In 2005, the Safe, Accountable, Flexible, Efficient Transportation Equity Act: A Legacy for Users (SAFETEA-LU) was signed into law by then-President George W. Bush. The act included the proposed corridors for the planned I-14 (specifically as the 14th Amendment Highway), and I-3 (as the 3rd Infantry Division Highway). The legislation did not provide the official numbering nor did it provide funding for the highways.

The proposed numbering of the highway did not follow the pattern of the existing Interstate Highway grid but is noted to salute and honor the 3rd Infantry Division of the US Army, based at Fort Stewart, near Savannah, Georgia.
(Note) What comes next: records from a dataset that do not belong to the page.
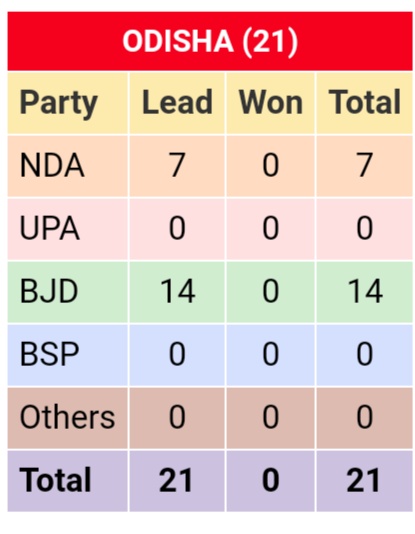 4 बजे- ओडिशा में एनडीए 6 सीटों पर, बीजेडी 15 सीटों पर आगे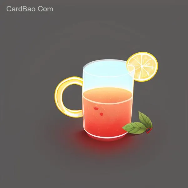 一个玻璃杯装着红色的果汁饮料,杯口有一片柠檬,杯子下面有两片叶子,玻璃杯是带手柄的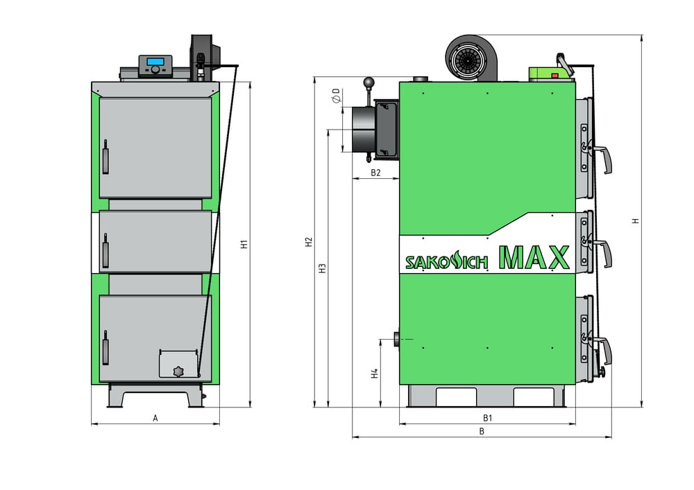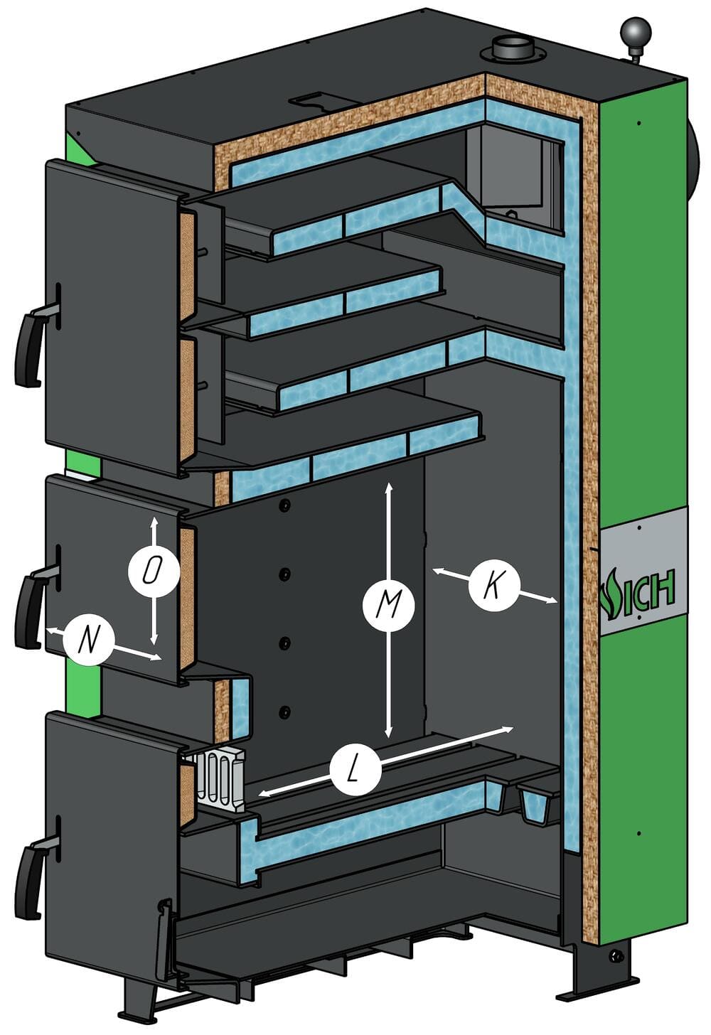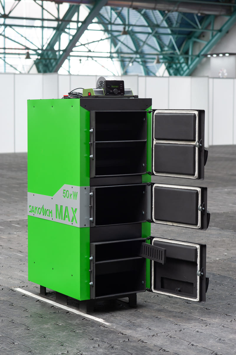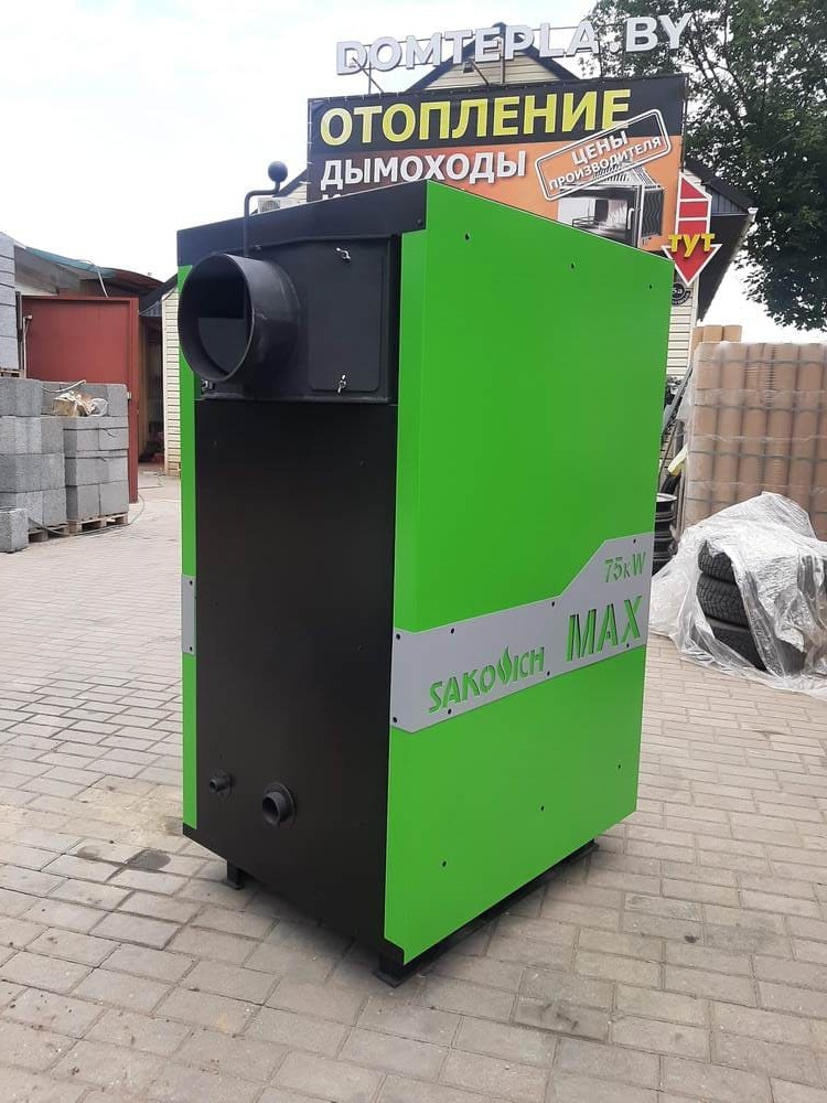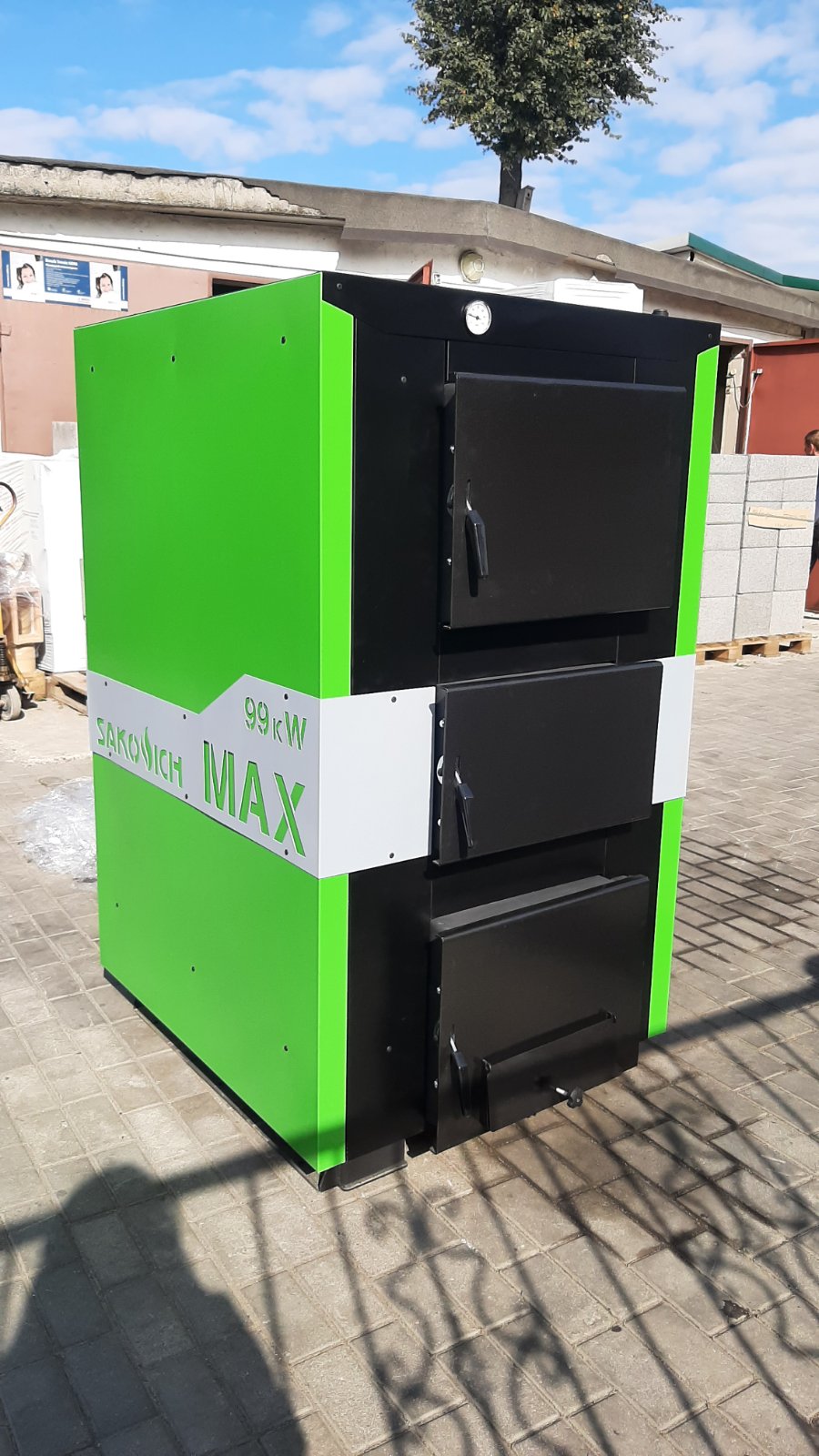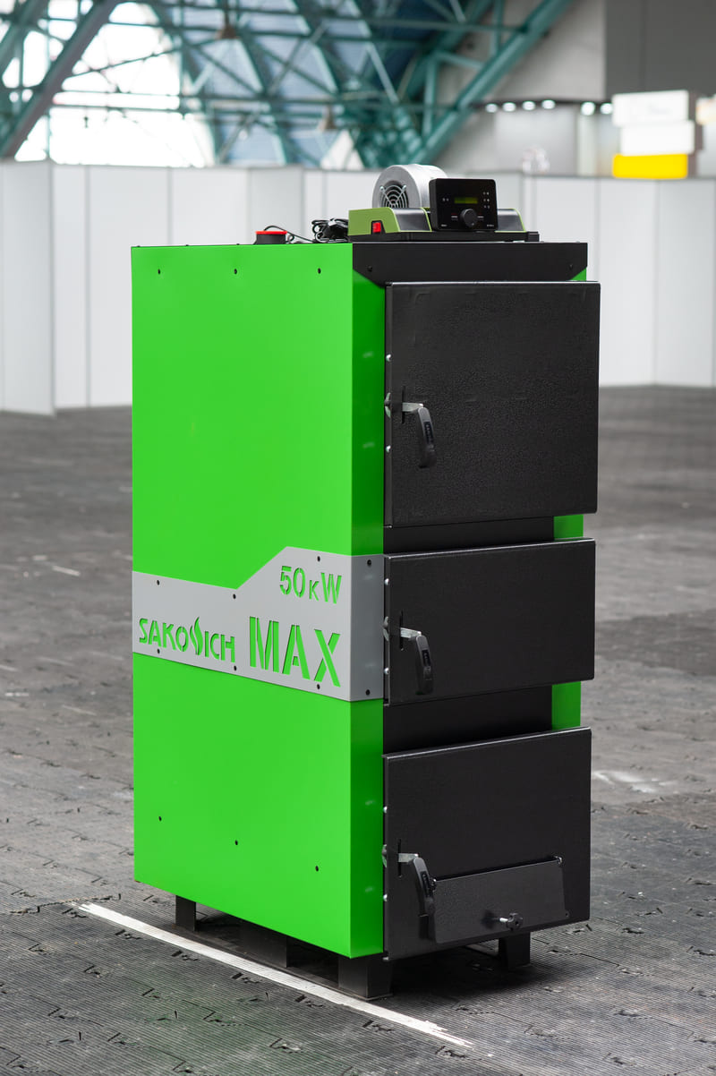 Теплообменник котла SAKOVICH MAX выполнен из котловой стали толщиной 6 мм с пятиходовым горизонтальным преломлением, изолирован минеральной ватой и обшит металлической облицовкой, окрашенной полимерной краской. Водонаполненные колосники выполнены из котловой стали толщиной 8 мм и внутренним сечением 20 см2, благодаря чему, в колосниках не происходит перегрев теплоносителя.

According to the Georgia Department of Transportation, the existing Savannah River Parkway, which carries the unsigned designations State Route 555 (SR 555) and SR 565, wa open to traffic. It begins just northwest of Savannah at the intersection of I-95 and SR 21/SR 30. It travels northwesterly along SR 21, paralleling the Savannah River, to Millen, where it meets US Route 25 (US 25). From Millen, the roadway follows US 25 to I-520 in Augusta. A western branch of the Savannah River Parkway travels from I-16 south of Statesboro north and northwestward (following US 25) to meet the main parkway roadway in Millen.

The proposal faced local opposition from groups concerned about the environmental impact of the Interstate Highway. No date for construction of the highway was set. The federal government began a study of the proposed route in July 2010. In early 2012, the Federal Highway Administration released a report to the US Congress noting the potential financial and environmental costs of the highway as well as the public opposition, concluding that constructing the highway was infeasible.

==Route description==
The actual route of I-3 was unknown. However, the 2005 SAFETEA-LU legislation indicated that, in Georgia, I-3 would've followed the existing Savannah River Parkway from Savannah to Augusta.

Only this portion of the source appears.